Ketamine cystitis is a growing global problem afflicting predominantly young patients and exposing them to significant risk of bladder damage with unknown long-term consequences. To-date, there has been little research into the pathology of ketamine cystitis and as a result, the mechanism(s) of the bladder pain and damage remain unknown. This histological study observed expansion of the basal NGFR+ labelling, stromal nerve hyperplasia and the occurrence of superficial neuroma-like lesions which likely contribute to the extreme bladder pain experienced by ketamine cystitis patients.

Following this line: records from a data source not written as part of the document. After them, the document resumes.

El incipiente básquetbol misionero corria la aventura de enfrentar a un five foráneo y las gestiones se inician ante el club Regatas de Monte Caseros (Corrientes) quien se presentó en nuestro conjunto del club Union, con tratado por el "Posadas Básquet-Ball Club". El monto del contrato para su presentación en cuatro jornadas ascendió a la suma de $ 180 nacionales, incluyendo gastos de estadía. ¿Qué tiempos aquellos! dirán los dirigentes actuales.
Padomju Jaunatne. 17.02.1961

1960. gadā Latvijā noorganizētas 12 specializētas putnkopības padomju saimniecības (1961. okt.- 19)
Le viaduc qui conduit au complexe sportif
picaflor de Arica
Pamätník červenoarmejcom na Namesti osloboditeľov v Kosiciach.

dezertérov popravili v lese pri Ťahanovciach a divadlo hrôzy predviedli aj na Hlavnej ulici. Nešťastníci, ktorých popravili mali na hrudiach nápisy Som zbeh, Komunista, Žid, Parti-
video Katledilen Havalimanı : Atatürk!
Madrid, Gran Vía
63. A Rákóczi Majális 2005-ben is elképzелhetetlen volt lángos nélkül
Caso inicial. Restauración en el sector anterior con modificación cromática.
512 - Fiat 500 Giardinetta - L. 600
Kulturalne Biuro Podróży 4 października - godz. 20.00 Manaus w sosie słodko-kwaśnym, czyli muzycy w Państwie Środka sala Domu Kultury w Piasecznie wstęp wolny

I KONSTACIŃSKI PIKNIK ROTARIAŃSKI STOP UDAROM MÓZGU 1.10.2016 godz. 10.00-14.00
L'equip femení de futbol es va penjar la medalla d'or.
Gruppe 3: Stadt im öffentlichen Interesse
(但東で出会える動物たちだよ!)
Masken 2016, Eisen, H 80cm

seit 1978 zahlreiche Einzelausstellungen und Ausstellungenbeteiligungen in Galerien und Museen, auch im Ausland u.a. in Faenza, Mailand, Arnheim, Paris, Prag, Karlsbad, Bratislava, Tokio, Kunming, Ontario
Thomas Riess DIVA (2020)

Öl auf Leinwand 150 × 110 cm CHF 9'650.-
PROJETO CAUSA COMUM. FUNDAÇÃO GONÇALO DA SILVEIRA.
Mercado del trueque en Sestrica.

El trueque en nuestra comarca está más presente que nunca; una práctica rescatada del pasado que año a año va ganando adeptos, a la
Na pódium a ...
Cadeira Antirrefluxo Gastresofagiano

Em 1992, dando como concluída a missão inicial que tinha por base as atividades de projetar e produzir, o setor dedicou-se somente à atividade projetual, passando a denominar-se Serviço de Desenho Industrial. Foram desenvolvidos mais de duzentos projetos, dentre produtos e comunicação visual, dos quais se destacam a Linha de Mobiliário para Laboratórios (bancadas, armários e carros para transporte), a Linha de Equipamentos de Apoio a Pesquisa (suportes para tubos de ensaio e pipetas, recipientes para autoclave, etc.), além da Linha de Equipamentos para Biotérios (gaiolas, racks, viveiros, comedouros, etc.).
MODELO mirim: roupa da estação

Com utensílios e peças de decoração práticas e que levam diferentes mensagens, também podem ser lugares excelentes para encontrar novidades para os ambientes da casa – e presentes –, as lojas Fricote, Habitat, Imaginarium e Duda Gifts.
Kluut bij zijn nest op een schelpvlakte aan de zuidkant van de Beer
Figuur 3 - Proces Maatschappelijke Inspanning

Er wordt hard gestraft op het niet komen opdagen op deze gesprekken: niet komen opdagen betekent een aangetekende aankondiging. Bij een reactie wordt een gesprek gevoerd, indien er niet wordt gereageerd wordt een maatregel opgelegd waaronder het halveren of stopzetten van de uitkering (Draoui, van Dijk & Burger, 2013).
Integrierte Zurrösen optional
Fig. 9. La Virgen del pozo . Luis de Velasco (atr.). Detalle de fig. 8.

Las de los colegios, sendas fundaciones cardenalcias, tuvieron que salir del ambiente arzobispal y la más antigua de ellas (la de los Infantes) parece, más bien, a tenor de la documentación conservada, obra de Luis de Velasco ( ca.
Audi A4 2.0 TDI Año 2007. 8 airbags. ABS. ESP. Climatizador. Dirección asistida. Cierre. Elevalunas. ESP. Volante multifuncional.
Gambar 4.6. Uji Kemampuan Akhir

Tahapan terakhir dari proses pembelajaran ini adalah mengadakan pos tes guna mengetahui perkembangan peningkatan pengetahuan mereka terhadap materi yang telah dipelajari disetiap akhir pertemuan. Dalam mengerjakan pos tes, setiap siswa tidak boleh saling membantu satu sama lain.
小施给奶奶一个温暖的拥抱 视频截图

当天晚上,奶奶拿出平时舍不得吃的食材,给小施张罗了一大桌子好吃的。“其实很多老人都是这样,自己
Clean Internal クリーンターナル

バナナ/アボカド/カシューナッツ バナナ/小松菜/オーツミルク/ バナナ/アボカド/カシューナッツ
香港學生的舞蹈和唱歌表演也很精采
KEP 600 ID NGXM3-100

The discovery of numerous fine NFP+ nerve fibres throughout the stroma of ketamine cystitis tissues is unusual and to our knowledge has not been previously described. The presence of nerve hyperplasia in ketamine cystitis tissue in conjunction with urothelial damage leading to stromal urine exposure may help to account for the extreme pain experienced by ketamine cystitis patients. Understanding the mechanism of pain in ketamine cystitis is critical to developing effective new treatment strategies since at present, many ketamine users self-manage their pain with increased ketamine use. The current lack of effective clinical pain management for these patients is a key obstacle to cessation of use [2]. In neuropathic bladders, there have been reports of nerve hyperplasia invading the urothelium [13]; however, no NFP+ fibres were observed within the urothelium in this study. In the small group of IC patients studied here only a single sample contained visible NFP+ fibres in the lamina propria. That this NFP+ IC patient may have been an undisclosed ketamine user cannot be ruled out; however, the potential utility of NFP as a biomarker for an IC subgroup with similarities of pathogenesis to ketamine cystitis warrants further investigation. Based on current knowledge, the discovery of NFP+ fibres in the bladder stroma may be a useful, if not unequivocal, clinical biomarker of ketamine cystitis in patients who have non-bacterial cystitis, but do not provide a history of drug use.
A further novel, and apparently unique, feature of ketamine cystitis reported here is the appearance of large peripheral nerve fascicles in the lamina propria, with a predominant Schwannian and perineural component, and some resemblance to a Morton’s neuroma. These lesions appear to arise as a hyperplastic/reactive response and may be consequential to interstitial regeneration following ketamine damage. At present, it is unclear how these changes relate to the degree of pain experienced in these patients; however, they appeared in nearly all (20/21) urology-referred ketamine cystitis patients in this study and were not seen in the other bladder pathologies studied as controls.
The cause of peripheral nerve fascicle hyperplasia in ketamine cystitis tissues remains unknown; however, chronic ketamine users (of at least 4 times/week) have on average twice the serum concentration of brain-derived neurotrophic factor (BDNF) when compared with a control group [14]. Further study of ketamine cystitis will need to address whether the cause of nerve fascicle hyperplasia is the direct action of ketamine and/or its metabolites; or alternatively, whether circulating BDNF could be the causative agent.
The role of NGFR in the urothelium remains an interesting unknown; however, in RP/IDO/SUI tissues it is most commonly confined to basal urothelial cells. The expansion of NGFR+ might be indicative of a general dedifferentiation of the tissues; however, no change was noted for other basal markers (eg CK5) and there was no disruption of differentiation markers such as uroplakin 3a (data not shown). Previous studies have reported increased Ki67 indices in ketamine cystitis urothelium [7] and interpreted with the supra-basal NGFR+ expansion reported here, this might suggest changes in the epithelium towards a regenerative wound-healing phenotype. This concept is consistent with the widespread urothelial damage observed in ketamine cystitis and retention of uroplakin labelling suggests the urothelium retains a functional barrier in areas where it remains full-thickness. During cystoscopy of one patient the urothelium was observed desquamating from the basement membrane as large sheets, which was consistent with finding histologically that areas of intact full-thickness urothelium were directly adjacent to areas of absent urothelium. Whether the mechanism of urothelial loss relates to direct toxicity of ketamine or the action of a metabolite requires further study.
Whilst ketamine was originally described as a NMDA receptor antagonist, this is a gross oversimplification of its binding promiscuity, which includes activity against β-adrenergic, sigma, and muscarinic receptors [15]. Recent interest in using ketamine as a rapid-onset anti-depressant and pressure to drive derivatives to market quickly (reviewed [16]), make understanding the mechanism of ketamine cystitis an urgent clinical problem to avoid side-effects in future therapeutics.